After installation, the CLI is available as a system command:

helikite --help

Docker

Note: Docker usage is now optional. For most users, installing via pip is the recommended approach.

Building and Running with Docker

Build the Docker image:
```
docker build -t helikite .
```

Generate project folders and create the configuration file:

docker run \
    -v ./inputs:/app/inputs \
    -v ./outputs:/app/outputs \
    helikite:latest generate_config

Preprocess the configuration file:

docker run \
    -v ./inputs:/app/inputs \
    -v ./outputs:/app/outputs \
    helikite:latest preprocess

Process data and generate plots:

docker run \
    -v ./inputs:/app/inputs \
    -v ./outputs:/app/outputs \
    helikite:latest

You can also use the pre-built image from GitHub Packages:

docker run \
   -v ./inputs:/app/inputs \
   -v ./outputs:/app/outputs \
   ghcr.io/eerl-epfl/helikite-data-processing:latest generate_config

Makefile

The Makefile provides simple commands for common tasks:

make build             # Build the Docker image
make generate_config   # Generate the configuration file in the inputs folder
make preprocess        # Preprocess data and update the configuration file
make process           # Process data and generate plots (output goes into a timestamped folder)

Using the Library

Helikite can be used both as a standalone CLI tool and as an importable Python package. For non-programmers, the CLI is the simplest way to use the library. For programmers, the library can be imported and used in your own scripts:

import helikite
from helikite.processing import preprocess, sorting
from helikite.constants import constants

# For example, to generate a configuration file programmatically:
preprocess.generate_config()

A complete list of available functions and modules is documented on the auto-published documentation site.

Cleaner

The cleaner module is designed to tidy up output folders generated by the application. For instructions on how to use it, refer to the Level 0 notebook.

Documentation & Examples

For full API documentation, usage examples, and tutorials, please visit the Helikite Data Processing Documentation.
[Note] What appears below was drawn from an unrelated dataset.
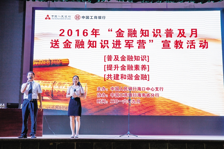 这次“金融知识进军营”宣教活动是人民银行海口中心支行2016年“金融知识普及月”活动的一次专场活动。从9月1日开始,人民银行海口中心支行组织全省银行业、证券期货业、保险业金融机构、支付机构等一百多家机构开展“金融知识普及月”活动。普及月以“开展金融知识普及活动,重视不同群体消费者金融需求,提升广大消费者的金融素养,引导其正确运用金融知识,增强风险意识和责任意识,共创和谐金融环境”为主题,通过举办金融知识讲座、培训、竞赛等形式推动金融知识进军营、学校、工厂、养老院和农村。

The notebooks folder also contains a Level 0 processing example that demonstrates how to use the library for basic data processing tasks.

Command-line Usage

Once installed (via pip or Docker), you can use the CLI to run the three main stages of the application:

Generate a configuration file: This creates a config file in your inputs folder.
```
helikite generate-config
```
Preprocess: Scans the input folder, associates raw instrument files to configurations, and updates the config file.
```
helikite preprocess
```
Process: Processes the input data based on the configuration, normalizes timestamps, and generates plots. (Running without any command runs this stage.)
```
helikite
```

For detailed help on any command, append --help (e.g., helikite preprocess --help).

Development

The Instrument class

The structure of the Instrument class allows specific data cleaning activities to be overridden for each instrument that inherits from it. The main application (in helikite.py) calls these class methods to process the data.

Adding more instruments

The configuration file is generated during the generate_config/preprocess steps by iterating over the instantiated classes imported in helikite/instruments/__init__.py. To add a new instrument, create a subclass of Instrument and import it in __init__.py.

Firstly, the class should inherit from Instrument and set a unique name (e.g., for the MCPC instrument):

def __init__(self, *args, **kwargs) -> None:
    super().__init__(*args, **kwargs)
    self.name = 'mcpc'

The minimum functions required are:

file_identifier(): Accepts the first 50 lines of a CSV file and returns True if it matches the instrument’s criteria (typically checking header content).

# Example for the pico instrument:
def file_identifier(self, first_lines_of_csv) -> bool:
    if ("win0Fit0,win0Fit1,win0Fit2,win0Fit3,win0Fit4,win0Fit5,win0Fit6,"
        "win0Fit7,win0Fit8,win0Fit9,win1Fit0,win1Fit1,win1Fit2") in first_lines_of_csv[0]:
        return True
    return False

set_time_as_index(): Converts the instrument's timestamp information into a common pandas DateTimeIndex.

# Example for the filter instrument:
def set_time_as_index(self, df: pd.DataFrame) -> pd.DataFrame:
    df['DateTime'] = pd.to_datetime(
        df['#YY/MM/DD'].str.strip() + ' ' + df['HR:MN:SC'].str.strip(),
        format='%y/%m/%d %H:%M:%S'
    )
    df.drop(columns=["#YY/MM/DD", "HR:MN:SC"], inplace=True)
    df.set_index('DateTime', inplace=True)
    return df

For more details and examples, refer to the auto-published documentation.

Configuration

There are three sources of configuration parameters:

Application constants

These are defined in helikite/constants.py and include settings such as filenames, folder paths for inputs/outputs, logging formats, and default plotting parameters.

Runtime configuration

The runtime configuration is stored in config.yaml (located in your inputs folder). This file is generated during the generate_config or preprocess steps. It holds runtime arguments for each instrument (e.g., file locations, time adjustments, and plotting settings).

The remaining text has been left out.